Each career has a unique "ideal profile." System matches your profile to each:

# Example: Software Engineering ideal profile
ideal = {
    "academic": 0.80,           # Expects strong CS fundamentals
    "interests": ["coding", "problem-solving", "tech"],
    "skills": ["Python", "Java", "SQL", "DSA"],
    "effort_capacity": 0.8,     # Requires high effort
}

# Your profile scoring:
your_fit = {
    "academic_match": 0.75,     # Your CGPA percentile vs cohort
    "interest_alignment": 0.85, # How many interests match
    "skill_proficiency": 0.70,  # Avg skill level normalized
    "effort_capacity": 0.80,    # Self-rated effort level
}

# Final score = weighted sum of matches
fit_score = (0.75 * 0.25) + (0.85 * 0.30) + (0.70 * 0.25) + (0.80 * 0.20)
          = 0.78 * 100 = 78/100 (Good fit)
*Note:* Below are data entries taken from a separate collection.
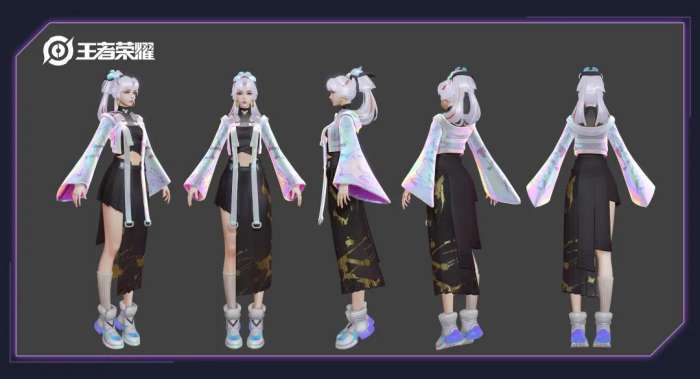 基于此,在整体造型设计上延续了天狼星计划系列的设计要素:绚丽的色彩、潮流的机能服搭配、隐藏的超能力,同时有效结合了上官婉儿皮肤设定中的一些身份元素。
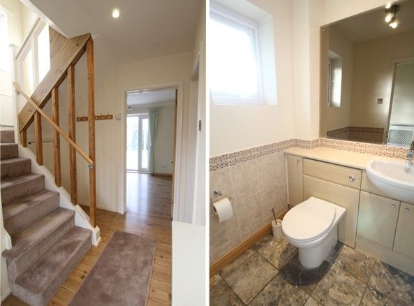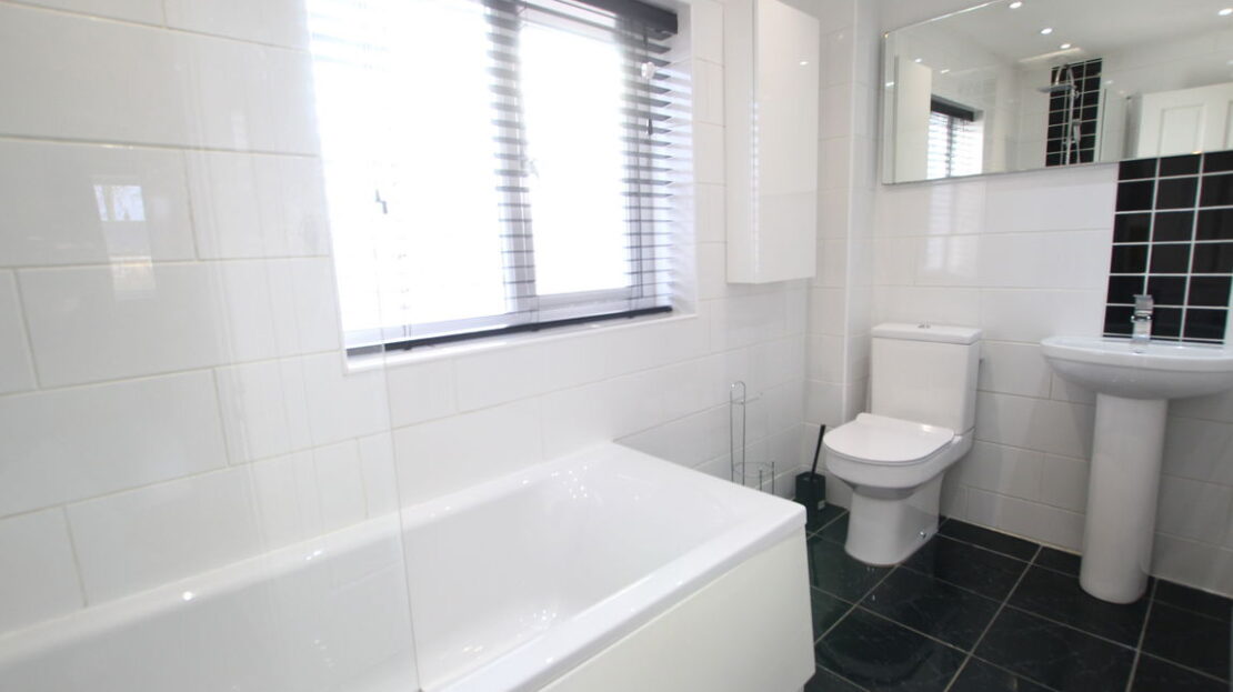 uPVC obscure double glazed window to front elevation, vertical towel rail/radiator modern refitted two piece modern white suite set into a vanity unit, comprising of low level W.C, wash hand basin, tiling to dado height plus tiled floor.
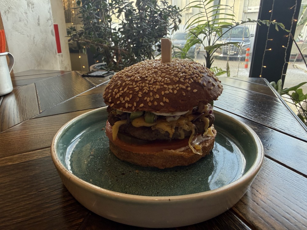 Булочка бриошь с кунжутом, котлета из свинины, манго свежий, авокадо, лук красный, сыр Чеддер, перчик халапеньо, помидор, горчица зерновая, фирменный соус.
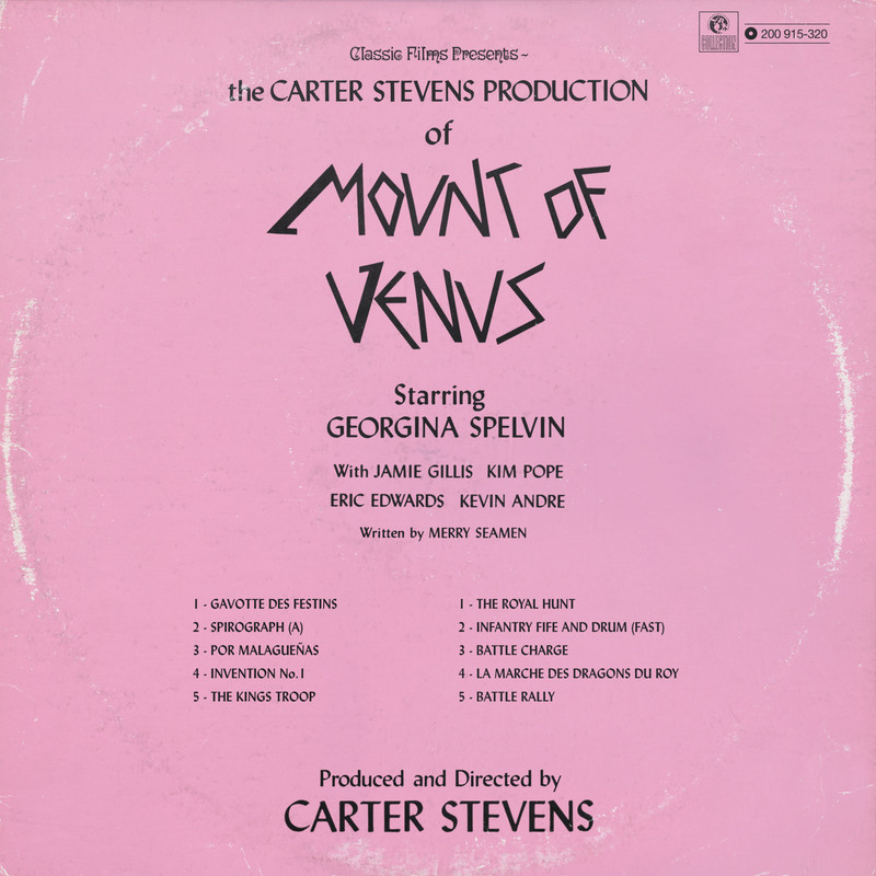 Mount Of Venus, another Carter Stevens production released in 1975, music composed by John Leach, Roger Roger and Ron Geesin from KPM Music, also using two «royal» french classical music composed by A.D. Philidor and orchestred for those versions by Pierre Bréard and Jean-Francois Paillard, and one latin mariachi music composed by Emilio "El Moro" & Juan Telleria

🔐 Authentication & Authorization

Auth Methods

Local Username/Password
- Hashed with bcrypt
- Configured in secrets.toml
Google OAuth 2.0 (Optional)
- Sign in with Google account
- Automatic role assignment from allowlist

Role-Based Access

Role	Access
Student	All personal pages (intake, intelligence, career, SWOT, growth, chat, resume)
Admin	All student features + Institutional View (batch uploads, cohort analytics)

Protecting a Page

# At top of page file:
from utils.auth import require_login, is_admin, require_role

require_login()  # Block unauthenticated users

# For admin-only pages:
if not is_admin():
    st.error("Admin access required")
    st.stop()

💾 Database Schema

`students` table

Stores complete student profile:

student_id (PK)          — Unique identifier (e.g., "CS2024001")
name, college, branch, year, semester
cgpa, backlogs, academic_trend
effort, career_goal, timeline
skills_json              — JSON list of skills
interests_json           — JSON list of interests  
activities_json          — Projects, internships, certs, etc.
intelligence_score       — Computed 0-100 score
risk_level               — Low/Medium/High
cluster_id, cluster_name — ML clustering result
top_career, top_career_fit — Best-matching career + score
full_profile_json        — Complete profile snapshot (for quick loads)
created_at, updated_at   — Timestamps

`career_results` table

Ranked career matches per student:

id (PK)
student_id (FK)
career_title            — Name of career path
fit_score, ml_score, formula_score — Different scoring methods
rank                    — 1-6 ranking
analysed_at

`batches` table

Institutional batch uploads:

batch_id (PK)
institute               — Name of college/organization
student_count
cohort_stats_json       — Aggregate stats (avg CGPA, etc.)
dept_report_json        — Department breakdowns
raw_data_json           — Full uploaded data
created_at

`swot_cache` table

Cached SWOT analyses (regenerated per update):

student_id (PK)
swot_json               — Strengths, weaknesses, opportunities, threats
generated_at

🎨 Design System

Color Palette

Color	Hex	Usage
Deep Slate	#080C14	Background (hero, cards)
Slate Surface	#0F1419	Default background
Slate Border	#1E2230	Dividers, borders
Electric Cyan	#00D4FF	Accents, highlights, hovers
Amber	#FFB800	Call-to-action buttons
Success Green	#10B981	Positive metrics, growth
Error Red	#EF4444	Risk indicators, errors
Text Primary	#E2E8F0	Main text
Text Secondary	#7A90B0	Muted text, hints

Typography

Display: Syne (bold, 800 weight) — Headings
Body: Plus Jakarta Sans (regular, 400) — Content
Mono: Courier New — Code snippets

Components

Cards: Glassmorphism (semi-transparent + blur)
Buttons: Gradient from slate → cyan on hover
Charts: Dark theme, cyan gridlines, muted labels
Animations: Smooth hover transitions (200ms)
Spacing: 8px grid (8, 16, 24, 32, 40px)

🔧 Configuration

`secrets.toml` Template

# Local User Authentication (optional)
[local_users]
admin = { display_name = "Admin User", password_hash = "bcrypt_hash_here", role = "admin" }
student = { display_name = "Student Demo", password_hash = "bcrypt_hash_here", role = "student" }

# Google OAuth 2.0 (optional)
[google_oauth]
client_id = "your-google-oauth-client-id"
client_secret = "your-google-oauth-client-secret"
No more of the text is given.